We are free camping 128 kms north of the Nullarbor Roadhouse, 100 meters from the edge of the Bundra cliffs overlooking the Great Australia Bight. We arrived in the dark having stopped at the Roadhouse for 3 hours where we had television reception for the big game between Geelong and St Kilda (for ORs - overseas readers - both football teams were unbeaten 14-zip, the first time in AFL history this has occurred). It was a great game, it went down to the wire, but Geelong was beaten by a single goal.

En route to Adelaide we drove through fierce storms, high winds and driving rain but since Port Augusta we have been greeted by sunny weather and moonlit nights.

We free camped at Dimboola, but spent the second night with the old Adelaide friends (Lou and David Hills) on their retirement farm at Mt Pleasant in the Adelaide Hills, and the second with Anna Muller in Adelaide itself. Wonderful company and gracious hosts. Thanks once again Lou and David, and Anna.

We replaced our TV antennae in Adelaide (I pranged it into the phone line in the lane behind our house before we left) then spent the next few nights free camping at Redhill and Kyancutta. We enjoyed a free day in Ceduna, unhooking the Suzuki and took in the local sights. The wheat country between Kimba (home of Cory Enright) and Ceduna was a real surprise for us. We expected to see desert country. The good local rain ensured the crops got up to a good start. Like Victoria and the Riverina, this region too has endured 5 years of drought. The countryside was emerald green for hundreds of kilometers.

Now that we are on the Nullarbor Plain itself, we haven’t seen a tree for 200 kms. We are both very excited by the possibility of seeing whales in the morning. Apart from sharing this roadside stop with a couple of German backpackers in a Wicked van we are alone. No TV or radio reception. It’s a bit spooky. Luckily, we have Noah the ‘guard cat’ with us.
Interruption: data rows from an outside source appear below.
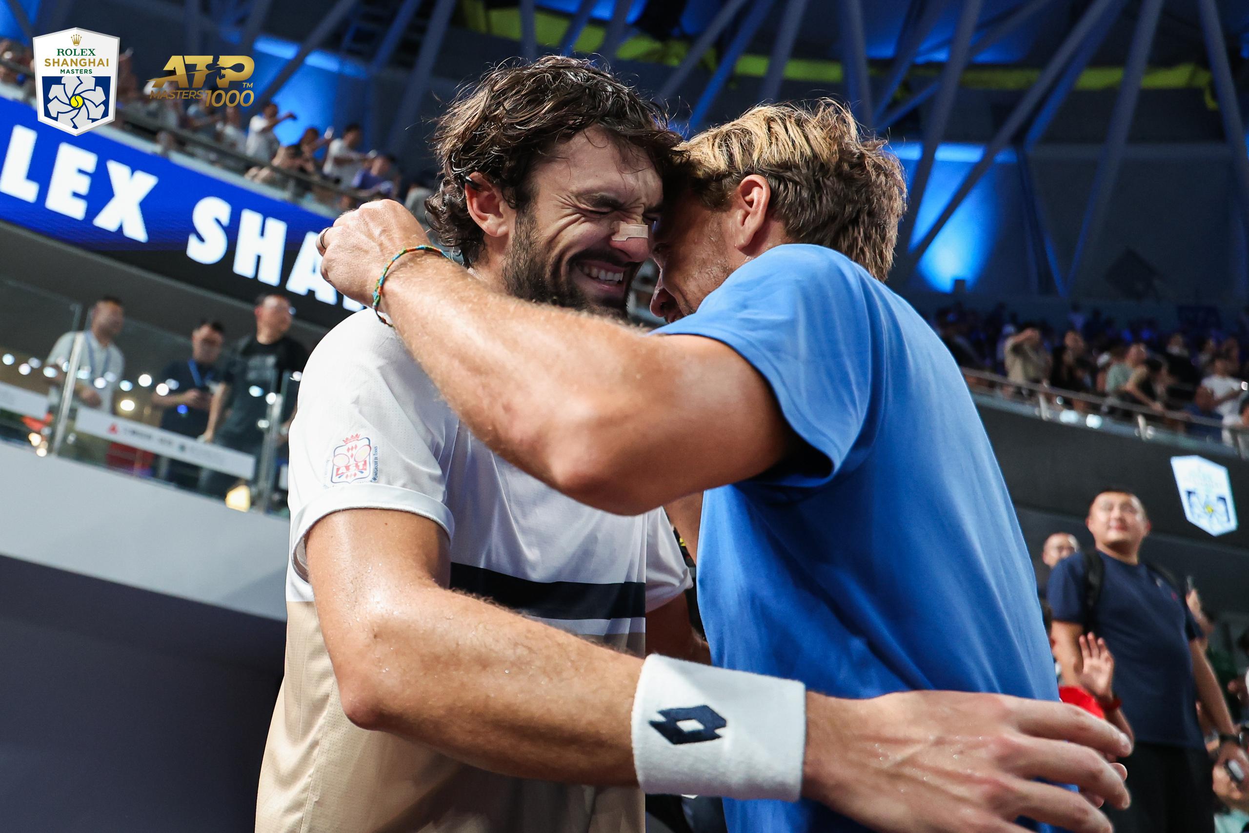 2025年上海劳力士大师赛单打冠军瓦朗坦·瓦舍罗(右)及亚军阿蒂尔·林德克内希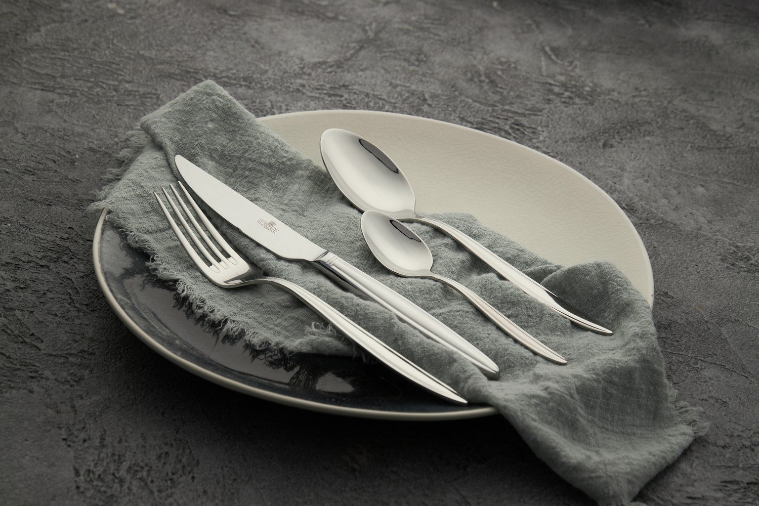 Набор столовых принадлежностей ''Milan'' на 6 персон предназначен для сервировки стола. В комплект входит 24 предмета из высококачественной нержавеющей стали. Не подвержены коррозии, окислению. Практичный и элегантный набор ложек и вилок идеально подходит для оформления праздничного стола и ресторанных банкетов, а так же для повседневного использования. Кухонный набор придется любой хозяйке по вкусу и станет прекрасным подарком на любое торжество. Для привлекательного внешнего вида не рекомендуется протирать посуду твердыми предметами, металлическими губками. При бережной эксплуатации набор столовых принадлежностей прослужит вам очень долго. Приобретайте наши столовые приборы и наслаждайтесь их эстетикой каждый день!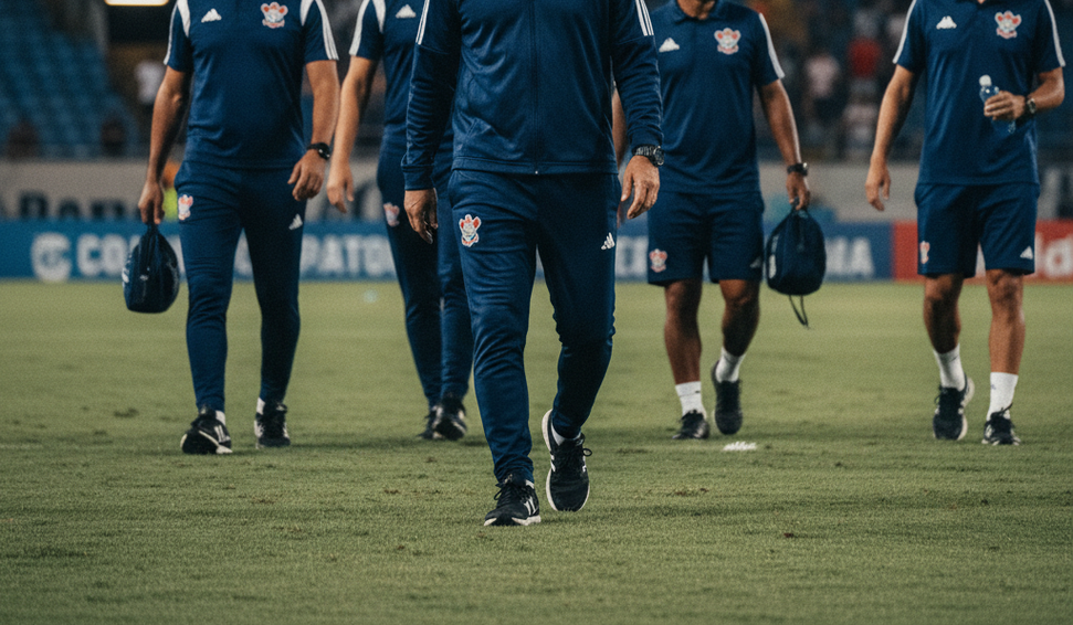 Presidente Pedrinho anuncia saída do treinador e comissão técnica após revés no clássico e confirma Bruno Lazaroni como interino.

The following morning we stood on the edge of 300 ft cliffs overlooking the Bight, to see the sun rise. Alas, there wasn’t a whale to be seen. The 300ft cliffs though are a magnificent vista and the southern ocean was at its bluest. There are at least half a dozen such viewing points between the Nullarbor Roadhouse and Eucla, on the WA border. We never stopped at any and were later disappointed to learn that at one of them there were about 40 whales to be seen less than 100 meters from the cliffs; one was an albino calf. We were compensated by seeing a herd of eight wild camels about 500 meters from the edge of the road. One, a bull, came to grief during the night. A road-train hit it (if it had been a car there would have been wreckage) and it was largely in one piece but its four legs were splayed in all the wrong directions.